Lia – é a intelectual do grupo. Seu engajamento é explícito. Oriunda do Nordeste, mete-se em organizações clandestinas a fim de combater o horror patrocinado pelos militares. Filha de um ex-militar nazista, Lia vive a angústia de saber que o namorado está preso.

Ana Clara – é a personagem mais nebulosa. Sua soturna personalidade, faz com que Lia e Lorena chamem-na de “Ana Turva” – um trocadilho, já que de “claro” ela não tinha nada. Ana é mais bonita das três. Parece luminosa por fora, mas existem noites misteriosas em seu interior. Seu namorado é um traficante e ela é viciada em drogas.

Lygia realiza enormes digressões ao longo da obra.

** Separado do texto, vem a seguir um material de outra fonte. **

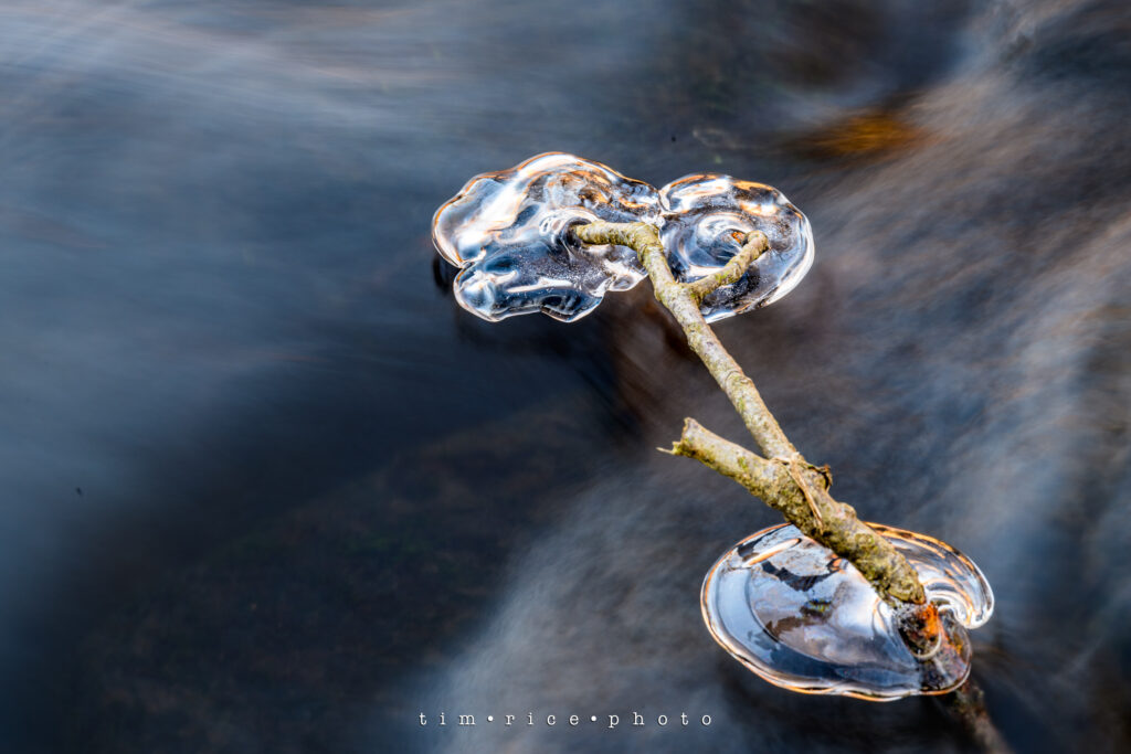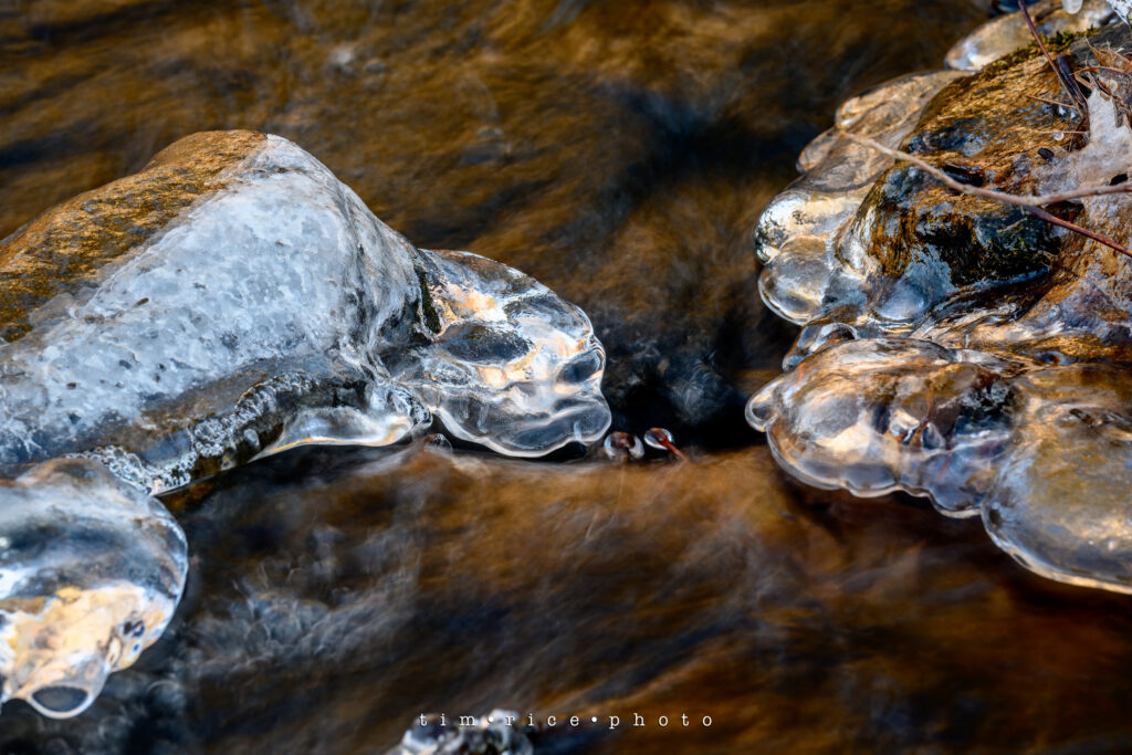 As the sun set, I played with the light and water at the local stream. All taken with a tripod, about a one-second exposure to get the water rush, and gloves – I was cold.

Às vezes, a história é contada em primeira pessoa; mergulha-se na cabeça das personagens; e elas assumem o protagonismo sobre si mesmas. Em seguida, ela utiliza o discurso indireto livre. Ou seja, o narrador passa a conduzir a história sob o seu ponto de vista, assumindo a descrição dos meandros psicológicos de cada personagem.

Alguns temas surgem no enredo do livro, explicitando a coragem da autora: uso de drogas – uma das personagens é viciada. Sexo – as três conversam abertamente sobre sexo; menciona-se a masturbação feminina. Em uma época em que se pregava a pureza das mulheres e havia uma noção vigente de que as mulheres eram tímidas e frígidas, Lygia subverte o consenso. Suicídio – trata-se de um tema que gravita em torno da história de uma das personagens. O terror da Ditadura – há a descrição pormenorizada de uma sessão de tortura. Vale mencionar que à época, havia uma noção pública de que a tortura e o sumiço de prisioneiros políticos existiam, mas era um assunto velado. Lygia de forma destemida, decide abordar com desassombrada galhardia o assunto.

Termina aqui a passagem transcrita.